Para comer, nos dirigimos hacia Shinjuku, otro de los barrios más característicos de Tokio. En la entrada de un restaurante nos fijamos que había una bandera italiana y dijimos “¡Hoy toca comer pizza!”

Pizza del restaurante Miami Garden de Tokio.
[ Pizza en el restaurante Miami Garden (Tokio) ]

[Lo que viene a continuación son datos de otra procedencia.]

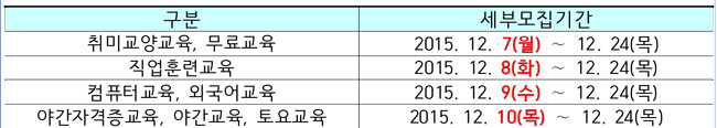 * 모집기간 : 2015. 12. 7(월) ~ 12. 24(목)
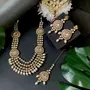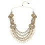 The gold-plated choker necklace set consists of a necklace a pair of earrings and a maang tikka. The necklace features kundan studded with pearl beaded in it giving it an elegant and traditional look. The stones and pearls are set in a beautiful pattern adding a touch of sophistication and grace to the necklace. The necklace is secured with drawstring closures which make it easy to adjust the size to fit comfortably around the neck. This is an important feature as it ensures that the necklace will be comfortable to wear for extended periods of time. The necklace is secured with drawstring closures which make it easy to adjust the size to fit comfortably around the neck. This is an important feature as it ensures that the necklace will be comfortable to wear for extended periods of time. The earrings and maang tikka are also adorned with stones and pearls which match the pattern of the necklace. The earrings have a beautiful design which makes them easy and comfortable to wear. The maang tikka is a traditional Indian hair accessory that can be worn with the necklace and earrings to complete the look.
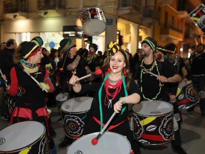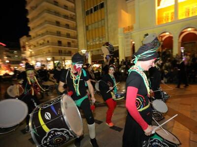 To συγκρότημα κρουστών έκανε πάταγο από νωρίς αφού περιόδευσε στους κεντρικούς δρόμους αναστατώνοντας την πόλη στους πεζόδρομους της Αγίου Νικολάου και της Ρήγα Φεραίου, στην πλατεία Γεωργίου Α΄, στις οδούς Ερμού, Μαιζώνος και Κορίνθου.
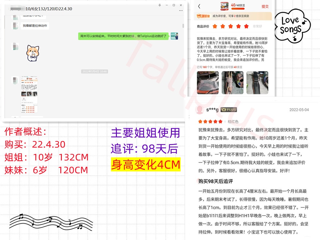 犹豫来犹豫去,多方研究对比,最终决定而且很快到货了。主要为了大宝身高,希望能有作用。她10周岁还差1个月,昨天到货一开始使用的时候娃很担心,今天早上用的时候我让娃听着故事,一下子就不害怕了。挺好的。小娃也来试了一下,一下子拉伸了有0.5cm.期待我大娃的蜕变,我会来追加评价的。另外,客服很好,很细心认真指导安装。好评! 追评:2022-08-06 14:21:35 一开始五月份到现在长高了4厘米左右。最开始一个月长高最多,后来期末考试了,长得很慢,因为每天晚睡。暑假期间也长高了1cm。到目前为止才三个月,效果已经很不错了。一开始是b1l1l1后来调整到H1H1早晚各一次,晚上做两次,早上做一次。由于时间不够,所以客服给了个方案。挺好的,会坚持拉伸。到时候看看效果!小宝这下也可以放心使用了。 | |||
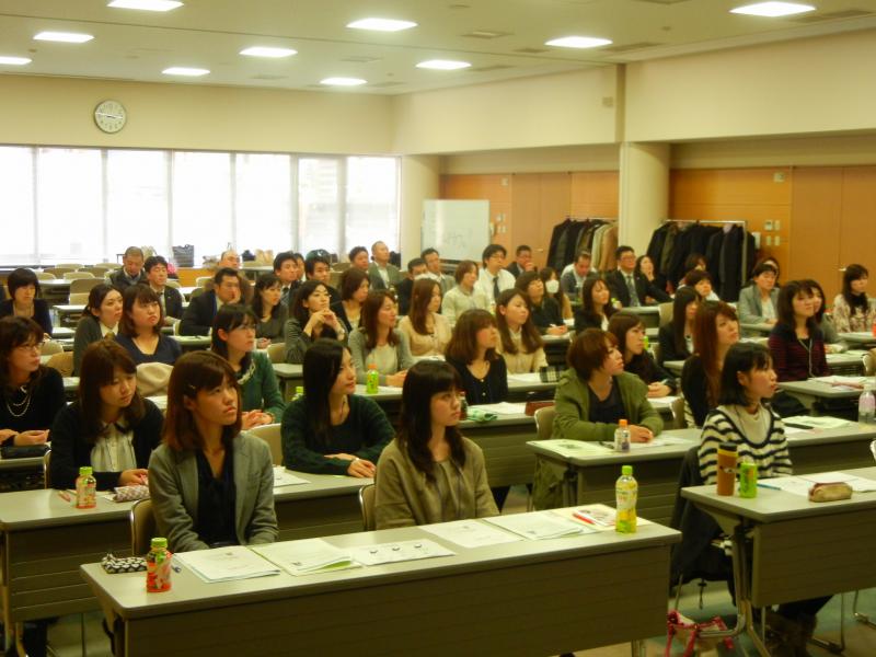 12月7日(土)、女性フォーラムと男女平等参画推進フォーラムを開催しました。 10時30分から「女性がいきいきとと働き続けるためには」というテーマで「2013女性フォーラム」を開催。 まず、「自分らしく、生き生きと仕事をするためには」と題して、ドイツ式フットケア・ボディケア アンフィニビーの松崎加奈子様から「美と健康は足元から」が重要と、足のトラブル・フットケアの対処法等についてアドバイスいただきました。さらに、普段、何気なくはいている靴の重要性も教えていただきました。また、カラーコーディネートについても学び、パーソナルカラーとイメージカラーの重要性。色は本能であり、色で8割が判断される。人は、6秒でその人のイメージができあがり、そのイメージは3年は消えないなど、プライベートでもビジネスでも活かせる色の使い方についての貴重なお話しをいただきました。その後、ワールドカフェ方式により、「なぜ女性リーダーは少ないのか」をテーマに参加者同士で意見交換を行いました。
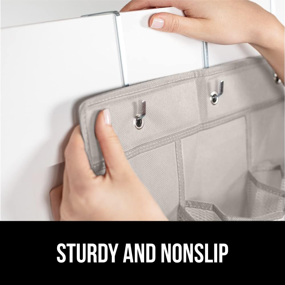 - SLIP RESISTANT DESIGN: organizer features four strong and sturdy hooks that firmly grip the top of doors and are designed to fit seamlessly over most doors
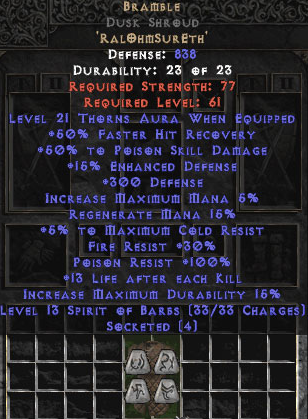 Bramble Dusk Shroud 15%ed +50% PSD & 21 Thorns - Perfect
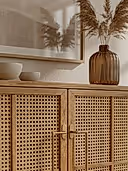HAMM için hazeran, tasarımın kendisidir. Tamamı el işçiliğiyle üretilen doğal hazeran; büfe ve dolap kapaklarında, çekmecelerde ve yatak başlarında ürünlere nefes aldırır. Cam ve nervürlü cam kullanımları, ışığı yumuşatarak mekânın ritmini sakinleştirir.
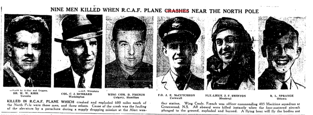 Les dépouilles des huit Canadiens devaient être rapatriées au sud à bord d'un hydravion à coque Canso de l'unité de sauvetage 103, mais en raison des difficultés à récupérer les corps, on fut contraint d'inhumer les Canadiens à Alert.
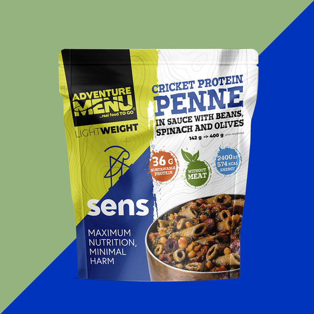 Sens Adventure Menu Tücsökfehérje penne mártásban babbal spenóttal és olajbogyóval - készétel
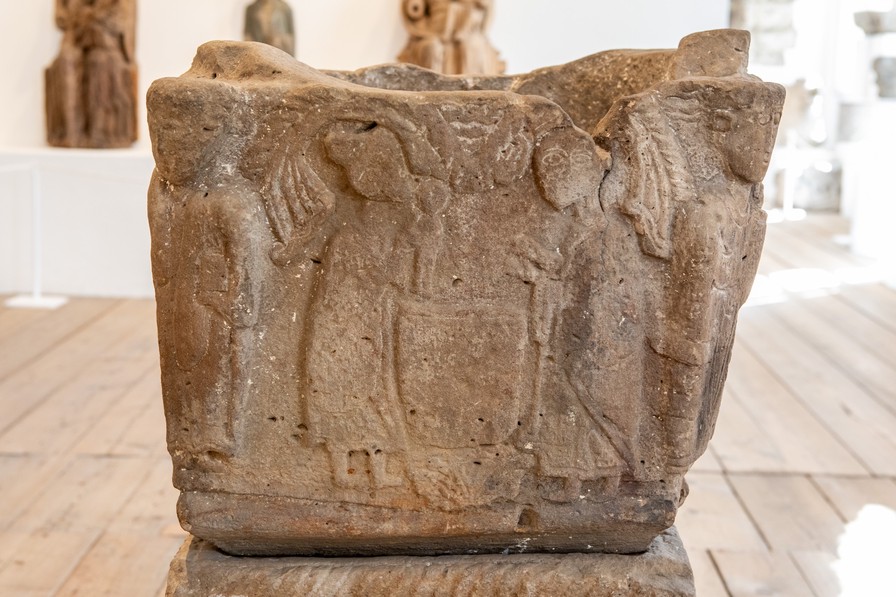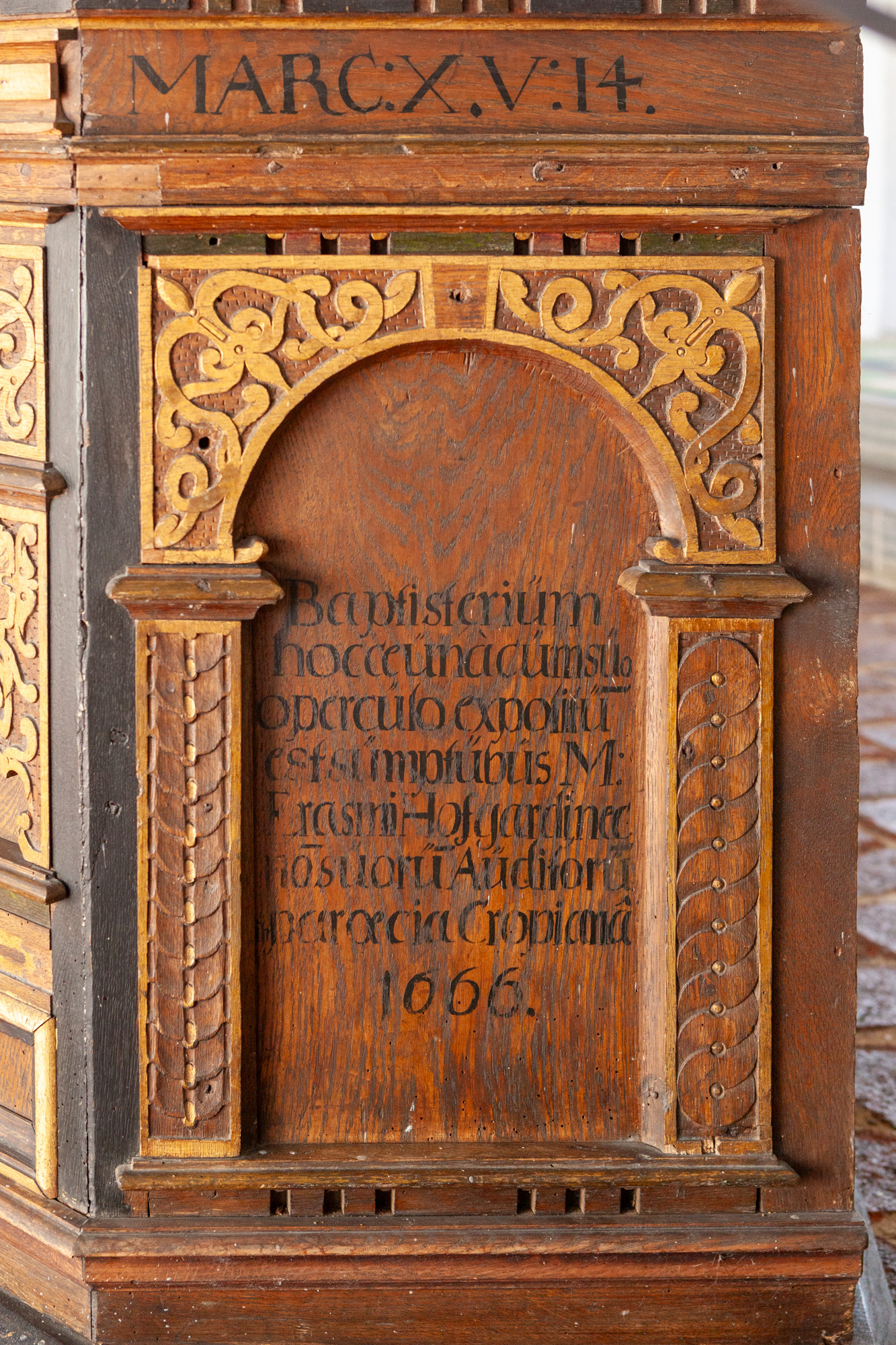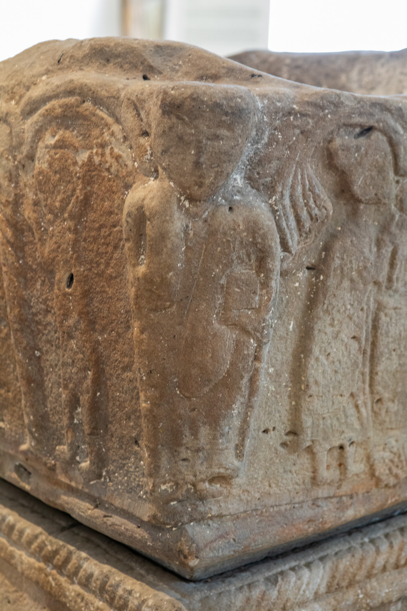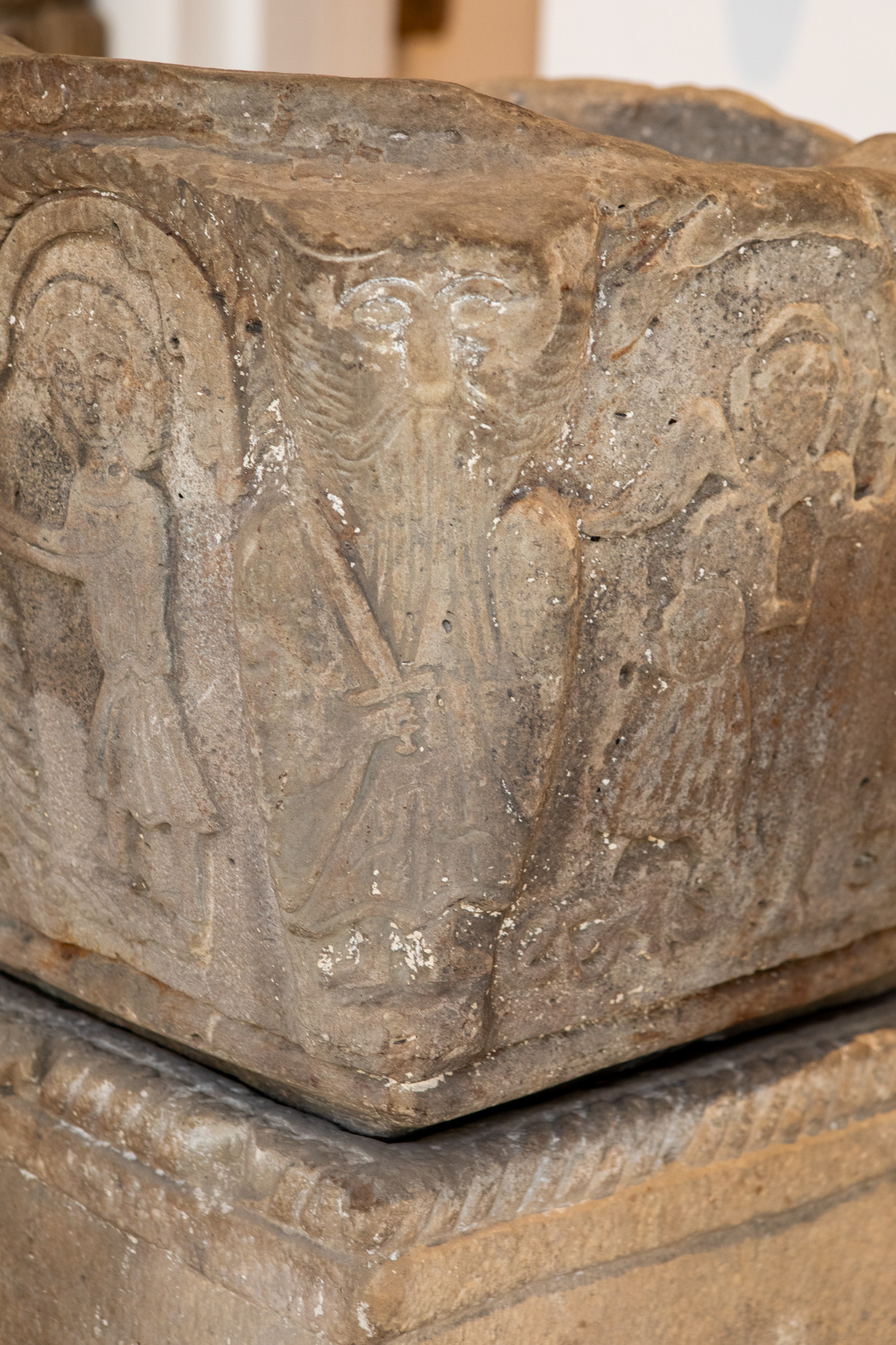 En mand holder et barn over døbefonten. Personen overfor er formodentlig en kvinde. Døbefonten har en tovstav langs den øverste kant og en udsmykket fod. Der er to buer her som på de andre sider, men søjlen mangler.
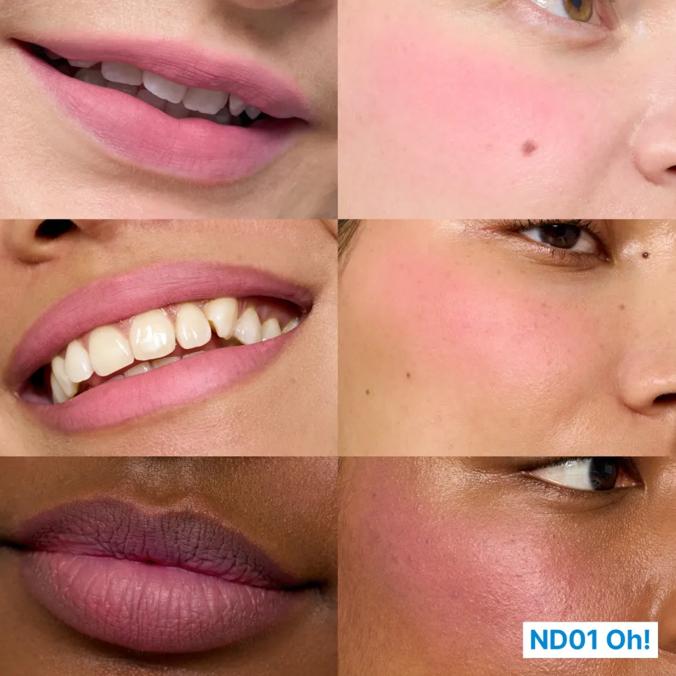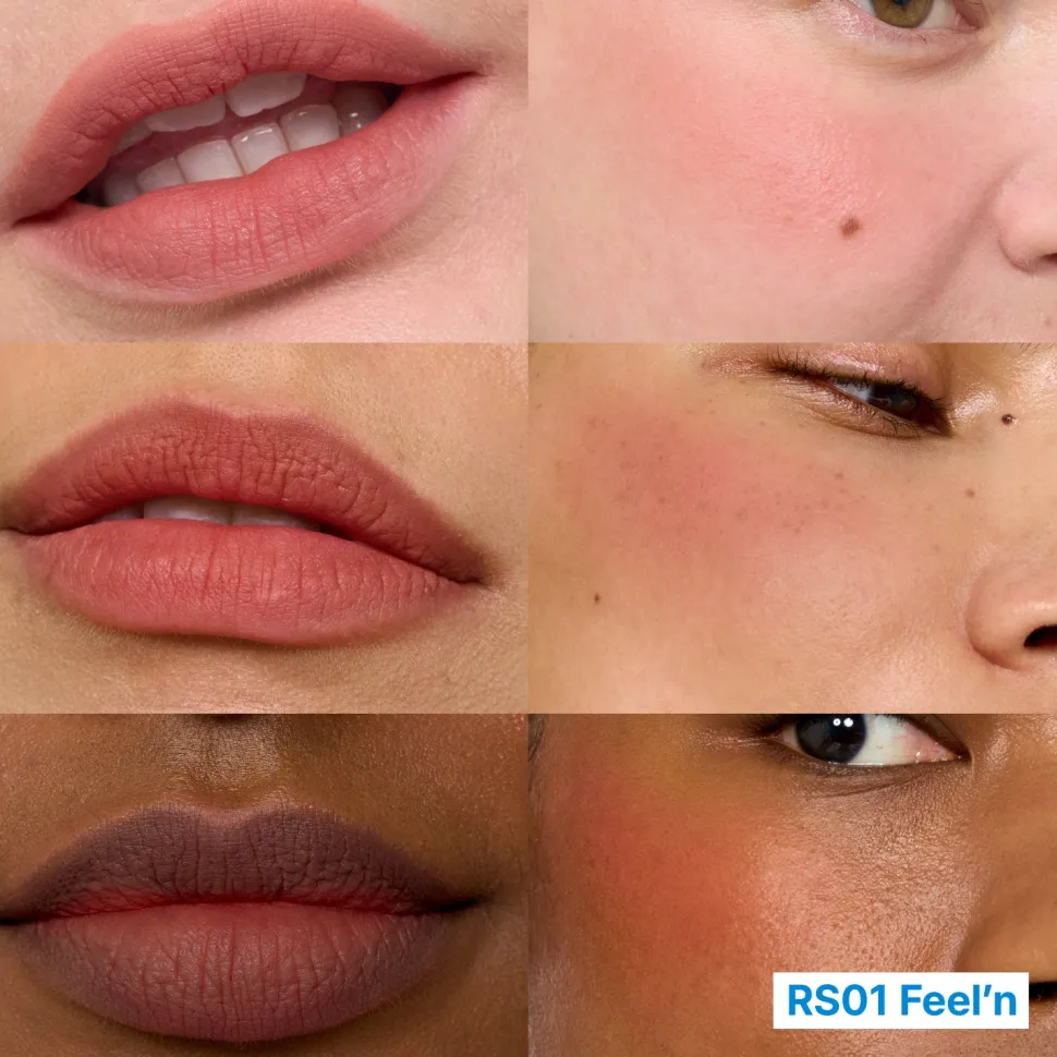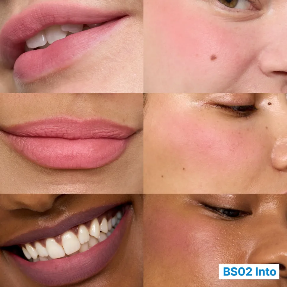 Vinkki: yhtenäisen lopputuloksen saavuttamiseksi levitä samaa sävyä huulille, poskille ja luomille!
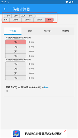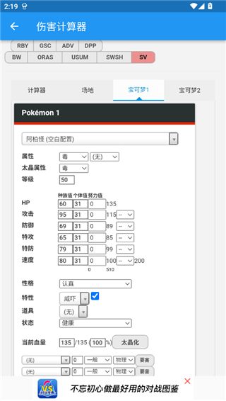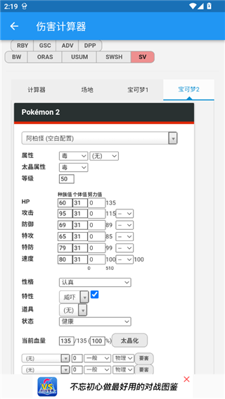 2、进入计算器之后,可以在上方切换要计算的宝可梦类型,在下方输入宝可梦的该技能
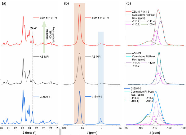 ZSM-5型沸石由于其微孔結構(0.51-0.56 nm)和可調變的固體酸特性,在石油裂解、石化產品精制方面發揮著至關重要的作用。由于沸石微孔限制反應物傳質,近幾十年以來研究重點一直是提高反應物對沸石酸性位的可接觸性以提高其催化活性。通常采用堿液后處理選擇性脫硅刻蝕出晶內介孔來提高沸石酸性位的可接觸性。但是由于沸石母相中四配位鋁對脫硅起抑制作用,這種方法只適用于合成硅鋁比較高的ZSM-5型沸石,合成具有良好可接觸性的低硅鋁比ZSM-5型沸石仍是一個具有挑戰性的課題。

Después de comer, fuimos a Shibuya, otro barrio muy interesante de Tokio.

Calle de Shibuya.
[ Shibuya (Tokio) ]

En Shibuya, cruzamos por el paso de peatones más famoso del mundo –por ser el más transitado cada día– y, desde el Starbucks que está enfrente de la estación de Shibuya, hicimos varias fotos:

Paso de peatones en Shibuya vacío.
[ Paso de peatones de Shibuya sin gente ]

Paso de peatones en Shibuya con gente.
[ Paso de peatones de Shibuya con gente cruzando ]

Aproximadamente a las seis de la tarde regresamos al hotel, ya que, habíamos quedado con Hiroko a las 18:45h. en recepción. Ella nos guiaría al restaurante donde íbamos a cenar junto a Akiko, Kazue y Yuki. Por lo que, tuvimos un rato para descansar.

Bajamos puntualmente y allí estaba Hiroko esperándonos sentada en uno de los sofás. Merche no le conocía personalmente y yo hacía 18 años que no la veía. Le presenté a Merche y nos dimos un abrazo. Salimos del hotel en dirección al restaurante y fuimos hablando por el camino. Para mí, era muy especial poder verle en persona después de tanto tiempo.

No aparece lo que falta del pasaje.